A well-regulated vengeance

A WELL-REGULATED VENGEANCE

I’ve read enough of John L Work’s novels to know they take you by the throat and don’t let go until well after you’ve finished reading them. This one doesn’t deviate from the mold. In fact it ramps up the tension by quite a few degrees.

In this gun-rights thriller he takes you to the United States in the near future, 2016, against the backdrop of a country descending into totalitarianism, and brings you the story of an ordinary man, Wesley Kirbaugh, seeking justice for his murdered daughter.

It beautifully combines a seemingly small story—that of one man—with a large story—that of a nation’s descent from greatness.

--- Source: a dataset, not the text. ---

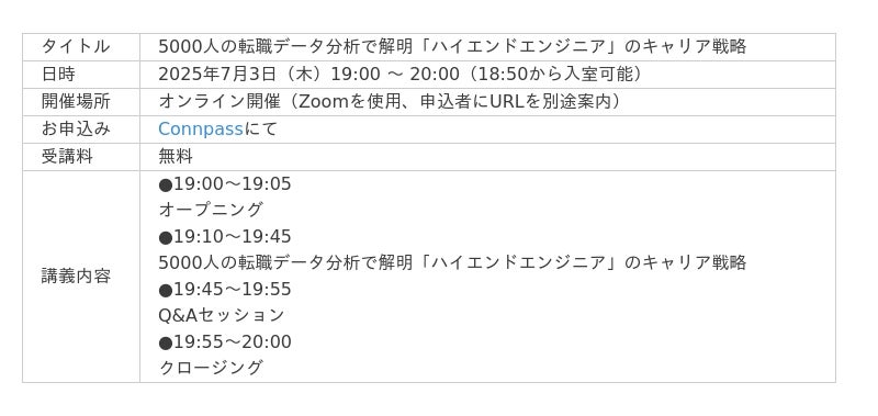 ハイエンドエンジニアに特化した審査制転職サービス『ASSIGN TECH』(https://www.tech.assign-app.jp/)を運用する株式会社アサイン(所在地:東京都千代田区 代表取締役:小瀬村 卓実)は、2025年7月3日にキャリア講義『5000人の転職データ分析で解明「ハイエンドエンジニア」のキャリア戦略』を開催いたします。本講義では、株式会社アサイン 執行役員CTO・須永高弘が登壇します。自らも現役エンジニアとして技術と経営の両面を歩んできた須永が、5000人分のキャリアデータと実体験をもとに、「どの様な経験やスキルが次のステージを切り拓くのか」を具体的に解説します。

Unsettling is an understatement. But what read!

 

The Barter

THE BARTER

This story was born from best-selling author and investigative journalist Jerome Corsi’s essay at World Net Daily titled China poised to play debt card—for US land. John L Work took the premise of a United States in so deep a debt to China that it trades the debt for US soil. The year is 2016 and the political scene picks up where it left off in A WELL-REGULATED VENGEANCE.

Once again Work sets one man’s story against world affairs and once again does it brilliantly.

Although A WELL-REGULATED VENGEANCE is a stand alone novel it is also a precursor to the three-part THE BARTER series, of which this is the first.

Benito Hernandez, a military veteran, has been working at a chicken processing plant for some years. The kids are grown up and have left home, so there’s just him and his wife Monica. The deteriorating political situation in the US is seen through his story and his eyes. And it’s horrific.

Work knows how to keep you turning the page and holding your breath.

 

The Barter 2

THE BARTER 2: CRUSADE

Think George Orwell’s 1984 was a piece of fiction? Think again. In this second in THE BARTER series John L Work presents for your enjoyment and contemplation a story of the world going mad. The year is 2020.

He points out that the United States has gone from being the World’s biggest creditor nation in 1945 to the world’s biggest debtor nation today.

But as he also points out in his introduction, “This isn’t a book about economics. It’s a killer thriller.”

He’s right!

Benito and Monica Hernandez from book 1 are dead and we now follow their son Jamie. Private citizens possessing guns was outlawed years ago and there are harsh penalties for non-compliance. I’m not giving anything away by saying Jamie buys one so he can pursue his vendetta against the injustice of his father’s death.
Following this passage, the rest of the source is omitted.